Sidewall Electrodes in Microchannels for Dielectrophoretic Cell Separation and Electrochemical Detection
Meeting ID: 936 4723 0005
Chair: Prof. Mona Zebarjadi (ECE)
Advisor: Prof. Nathan Swami (ECE)
Prof. James Landers (Chem. & Mech.)
Microfluidics in biological and medical research has gained much attention in the past decade for the purposes of separation and analysis of components within a complex sample. However, electrically functional microfluidic devices for biological sensing and cell manipulation require the ability to modulate electric field profiles over the channel width and depth, which is especially challenging to fabricate with minimum lithography steps. Metal deposition is the most ubiquitous method for integrating electrodes in microchannels, but the traditional deposition method is limited to planar electrodes, which have low electric field extents along the depth of the channel, thereby making them unsuitable for applications wherein sensing and manipulation are required over the channel depth. To address the channel depth requirement without highly specialized sidewall metal deposition, alternative electrode fabrication methods have been explored, such as conductive liquid electrodes, Ag-PDMS electrodes, and liquid metal electrodes. Liquid electrodes Ag-PDMS electrodes has been a popular choice; however, conductive fluid is not stable over time as it can crystalize, therefore, changing its conductivity and Ag-PDMS presents low electrical conductivity which reduces field coupling. Here, we present a facile fabrication method and its design parameters for integrating liquid metal to form solid metal 3D sidewall electrodes to enable dielectrophoretic cell separation and electrochemical detection in a microchannel over its entire depth.

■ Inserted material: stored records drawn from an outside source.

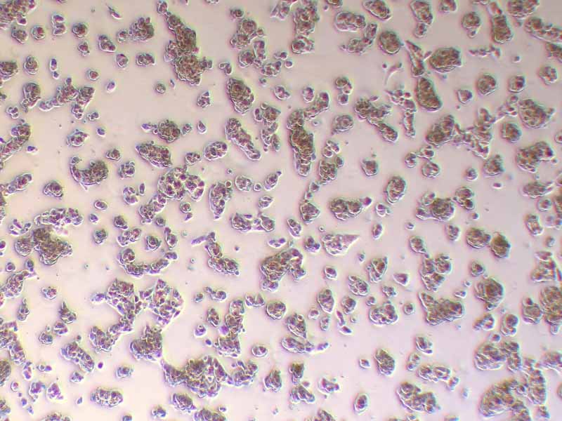 1.HEPG2-LUC人肝癌细胞-荧光素酶标记形态特点?Hep G2-LU细胞堆叠生长,Hep G2-LU细胞生长特性是紧密连接成片状从四周延展增殖,形成一座座的小岛状,细胞在增殖过程中可能会看到轻微的细胞堆积点,属于正常现象,所以消化所需时间较久,注意观察,等待细胞自然脱落即可,切勿拍打培养瓶或过度吹打细胞,避免细胞损伤。 2.Hep G2-LU细胞贴壁慢、漂浮细胞多?HEPG2-LUC人肝癌细胞-荧光素酶标记传代后会有许多簇状仍处于悬浮状态,这是正常现象,一般2-3天内会缓慢粘附于培养瓶缓慢延伸进行增殖。建议传代后2天内减少观察和移动细胞。 当冻存HEPG2-LUC人肝癌细胞-荧光素酶标记进行复苏时,通常会出现大量漂浮细胞不贴壁,属于正常情况,刚复苏的细胞比较脆弱,建议3 天不要干扰,如果3天后漂浮细胞还很多,且漂浮细胞透亮圆润,可以重新收集细胞1000rmp、离心4分钟接种到新的培养瓶。 必要时可以提高血清浓度至15%辅助HEPG2-LUC人肝癌细胞-荧光素酶标记更快贴壁增殖。 3.HEPG2-LUC人肝癌细胞-荧光素酶标记是不是比较不好消化,消化时间多长?HEPG2-LUC人肝癌细胞-荧光素酶标记培养箱5-6分钟左右,Hep G2-LUC细胞是成片长的,消化的时候不用完全单颗,有小团没事,会展开,但是不能太大团。 |
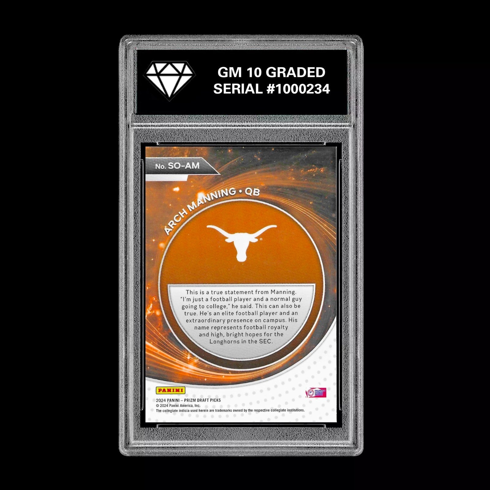 The product is a highly graded 10 Arch Manning 2024 Panini Prizm Draft Picks #SO-AM trading card. This sports trading card features a rookie player from the Texas Longhorns in the National Collegiate Athletic Association (NCAA) football league. Manufactured by Panini in the United States, this Prizm parallel variety card is a highly sought-after collectible for fans and collectors alike. With its unique features and limited availability, this card holds value for those interested in sports trading cards.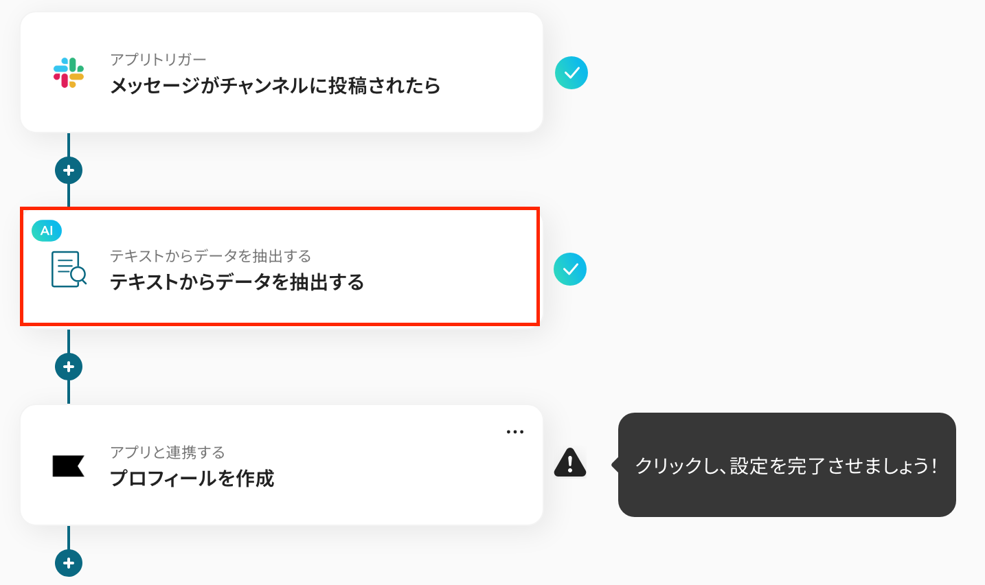 このフローも投稿から必要な情報を抽出する処理を含むため、業務にあわせた柔軟な設定が可能です。

A low melting point alloy consisting of 51% indium, 32.5% bismuth, and 16.5% tin (Field’s metal) was used to pattern the microchannels at 65 C and solidifying at room temperature. Specifically, an electrode and sample channel are co-fabricated in a single lithography step and sequentially filled to enable electrically functional microfluidic separation and detection. Three distinct confinement approaches are examined for creating electrode channels that are physically separated from biological sample channels, but electrically coupled for enabling dielectrophoretic separation and electrochemical detection.